De decreto del Presidente del Consiglio dei Ministri (decreet van de voorzitter van de ministerraad) van 23 mei 2007 (GURI nr. 160 van 12 juli 2007) regelt de in het voorgaande punt bedoelde procedure voor de opstelling van de verklaring „ter vervanging van de akte van bekendheid” (hierna: „verklaring op erewoord”). Artikel 4, lid 1, van dat decreet bepaalt dat deze verklaring „ziet op de steunmaatregelen waarvan de Europese Commissie terugvordering heeft gelast, uit hoofde van de volgende beschikkingen:

a)

beschikking [...] van de Commissie van 11 mei 1999 betreffende de steun verleend door Italië voor maatregelen ten behoeve van de werkgelegenheid in de vorm van voordelen in verband met de sluiting van leer- en werkervaringsovereenkomsten [...];

b)

beschikking van de Commissie van 5 juni 2002 inzake de steunmaatregel betreffende belastingvrijstellingen en leningen tegen gunstige voorwaarden die Italië heeft verstrekt ten gunste van nutsbedrijven waarin de overheid een meerderheidsdeelneming heeft [...];

c)

beschikking van de Commissie van 30 maart 2004 betreffende de staatssteunregeling die Italië ten uitvoer heeft gelegd betreffende spoedmaatregelen inzake werkgelegenheid [...];

d)

beschikking van de Commissie van 20 oktober 2004 betreffende de steunregeling die Italië heeft toegepast ten gunste van ondernemingen die in de door natuurrampen in 2002 getroffen gemeenten investeringen hebben gedaan [...]”.

7

In artikel 2 van decreto legge nr. 97 (voorlopig wetsdecreet nr. 97) van 3 juni 2008, omgezet, na wijzigingen, in wet nr. 129 van 2 augustus 2008 (GURI nr. 180 van 2 augustus 2008), zijn de limieten neergelegd voor de middelen die beschikbaar zijn voor de jaren waarin de steunregeling van toepassing is en wordt de procedure geregeld voor de toegang tot het litigieuze belastingkrediet. Met name is vastgesteld dat belanghebbenden voor investeringsprojecten die op de datum van inwerkingtreding van deze decreto legge reeds zijn uitgevoerd, op straffe van verval van de steun binnen een bepaalde termijn een formulier moeten toezenden aan de belastingdienst, dat geldt als „reservering van het recht” op dit belastingkrediet.

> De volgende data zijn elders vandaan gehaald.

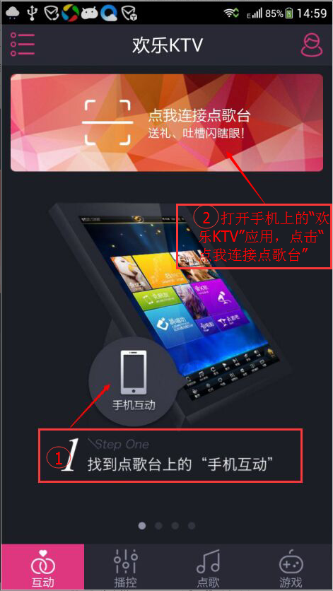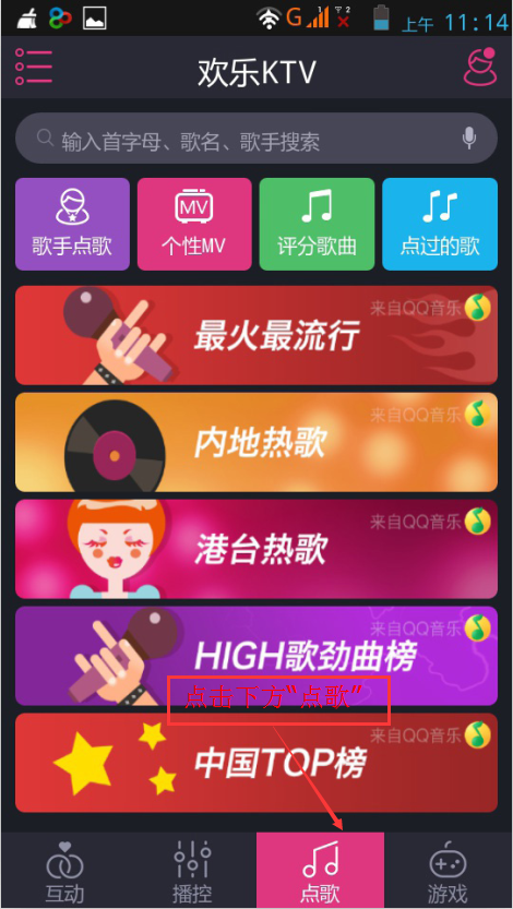 使用手机扫二维码下载”欢乐KTV“手机点歌软件

Hoofdgeding, prejudiciële vraag en procedure bij het Hof

8

De feiten van de drie hoofdgedingen zijn, mutatis mutandis, in de zaken C‑415/19 tot en met C‑417/19 identiek. Zij kunnen als volgt worden samengevat.

9

Verzoeksters in de hoofdgedingen hebben elk bij de belastingdienst een aanvraag voor het litigieuze belastingkrediet ingediend.

10

De belastingdienst heeft hun aanvragen afgewezen op grond dat zij de verklaring op erewoord niet aan hun aanvraag hadden gehecht.

11

De beroepen die verzoeksters tegen deze besluiten hebben ingesteld, zijn zowel in eerste aanleg als in hogere voorziening verworpen.

12

In het kader van hun hogere voorzieningen voor de verwijzende rechter, de Corte suprema di cassazione (hoogste rechter in burgerlijke en strafzaken, Italië), hebben verzoeksters elk schending gesteld van zowel artikel 108, lid 3, VWEU als de beschikking van 25 januari 2008 en het evenredigheidsbeginsel.

13

De verwijzende rechter vraagt zich af of de Italiaanse regeling die in het hoofdgeding aan de orde is, in overeenstemming is met het recht van de Unie, aangezien de toekenning van het litigieuze belastingkrediet kan worden geweigerd op de enkele grond dat de aanvrager steun heeft ontvangen die door de Commissie onverenigbaar met de interne markt is verklaard, zonder dat het nodig is dat daarvan formeel terugvordering is gelast, en er voorts geen sprake is van een loutere opschorting van de uitkering van nieuwe steun, maar van een definitieve weigering van deze steun. In dit verband vraagt de nationale rechter zich ook af of het nationale recht in overeenstemming is met het evenredigheidsbeginsel.

14

Daarop heeft de Corte suprema di cassazione de behandeling van de zaken geschorst en het Hof de volgende, in de drie hoofdgedingen gelijkluidende prejudiciële vraag gesteld:

„Zijn artikel 1, lid 1223, van wet nr. [296/2006] (thans artikel 16 bis, lid 11, van wet nr. [11/2005]) en de decreto del Presidente del Consiglio dei ministri van 23 mei 2007 verenigbaar met de [...] rechtsorde [van de Unie], gelet op artikel 108, [lid] 3, VWEU zoals uitgelegd door [het arrest van 15 mei 1997, TWD/Commissie (C‑335/95 P, EU:C:1997:241)], op [de beschikking van 25 januari 2008] en op het [...] evenredigheidsbeginsel [van het Unierecht]?”

15

Bij beslissing van de president van het Hof van 28 juni 2019 zijn de zaken C‑415/19 tot en met C‑417/19 gevoegd voor de schriftelijke behandeling en de beschikking.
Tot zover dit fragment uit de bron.